For a long, long time I held the belief that if something was broken or wrong, then it was your (that is, my) job to fix it. Even if it wasn’t totally broken, you fixed it so that it wouldn’t break further down the track.
This applied to mechanical, electrical and even professional or personal relationships. With regards to relationships, I felt doing something was often better than doing nothing.
Something happened this weekend that has forced me to conclude that perhaps things are just broken and that no amount of trying to fix things will put them back together. A run-in with a borderline sociopath and narcissist turned the light-bulb on in my head that the way I saw the world and the way this person saw the world was just so much at odds that no amount of work I did was ever going to fix the relationship.
In my head I traced this person’s behaviour back some 40 years and discovered to my horror that I had ignored his bizarre, emotionally crippling behaviour because I imagined he was getting better or that we simply had never managed to ‘connect’ properly. So I imagined that perhaps trying to connect with what he did and make him feel as though I was indebted to him might trigger some breakdown in his wall of self-delusion and start a dialogue going. That was not to be: he misconstrued that behaviour for something very different, something that projected the way he used people on to me instead as a way of self-reinforcing his pathology.

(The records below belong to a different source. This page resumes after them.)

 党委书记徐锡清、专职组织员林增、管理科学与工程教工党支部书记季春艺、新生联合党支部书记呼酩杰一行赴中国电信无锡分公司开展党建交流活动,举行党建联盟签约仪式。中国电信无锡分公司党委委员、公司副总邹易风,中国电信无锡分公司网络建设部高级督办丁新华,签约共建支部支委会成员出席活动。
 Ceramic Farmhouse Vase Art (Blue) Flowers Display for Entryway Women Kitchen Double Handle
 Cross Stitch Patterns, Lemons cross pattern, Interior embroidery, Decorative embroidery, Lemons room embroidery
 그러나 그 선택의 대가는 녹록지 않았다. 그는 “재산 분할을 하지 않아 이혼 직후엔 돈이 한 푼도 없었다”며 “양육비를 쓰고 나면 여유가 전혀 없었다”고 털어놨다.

Indeed, he projected that all the way through to my nuclear family, although he never took the time to ever really meet or engage with them in 30-or-so years. So much is the pity that I am actually glad that never occurred because he might have warped their sense of what relationships such as these should be. Sad. His caricature of relationships and friendships would have served as a poor role model and possibly could have endangered my children’s emotional well-being.
I once used to proudly say to people in his industry that I knew such-and such, believing he probably left the last firm on good terms or his reputation was such that he was held in high esteem. It never occurred to me that he might not be regarded as highly as I thought. After a few times his former workmates gave me cold stares or nervously shifted the conversation to something else, I twigged that perhaps the person I’d known and the person they worked with displayed the same hair-trigger rage, callous indifference and cavalier attitude to the truth and people. It looks like he did not discriminate between work and friend — he was an equal opportunity hater.
For ages I thought that perhaps I could fix it if I could build some sort of bridge to him. He’s not bad after all, just misunderstood, I thought. A lost sheep.
This weekend I was disabused of that sorry belief. I am sad for him because I know what he could have been and what he could have done. However, I am glad for me because suddenly I no longer feel any responsibility to fix anything and neither do I care what he thinks or doesn’t think about me and my family in his little cocooned world of self-loathing and delusion.
I no longer feel as though I have to fix anything. I am free.
me found page search google yes. Very site nice. I am walk to computer desk to see blogs. Sad story very. me subcribe to blogs, emelio name nice.
Please dont do this to me, i love you!
Daddy I Love you. This is so phylosophical.
All people deserve wealthy life time and loans or sba loan will make it better. Just because freedom is based on money state.
Hi Emilio, I am presuming you are the Emilio that posted on Anthill today? Is so thanks a million
If not please ignore and excuse my intrusion.
That’s me Nigel.
I really understand. My problem is now he has my children. He has convinced (he is such a good liar) that the children are better off with him. They are so effective and convincing. I look back and see all the danger signs though I blamed myself.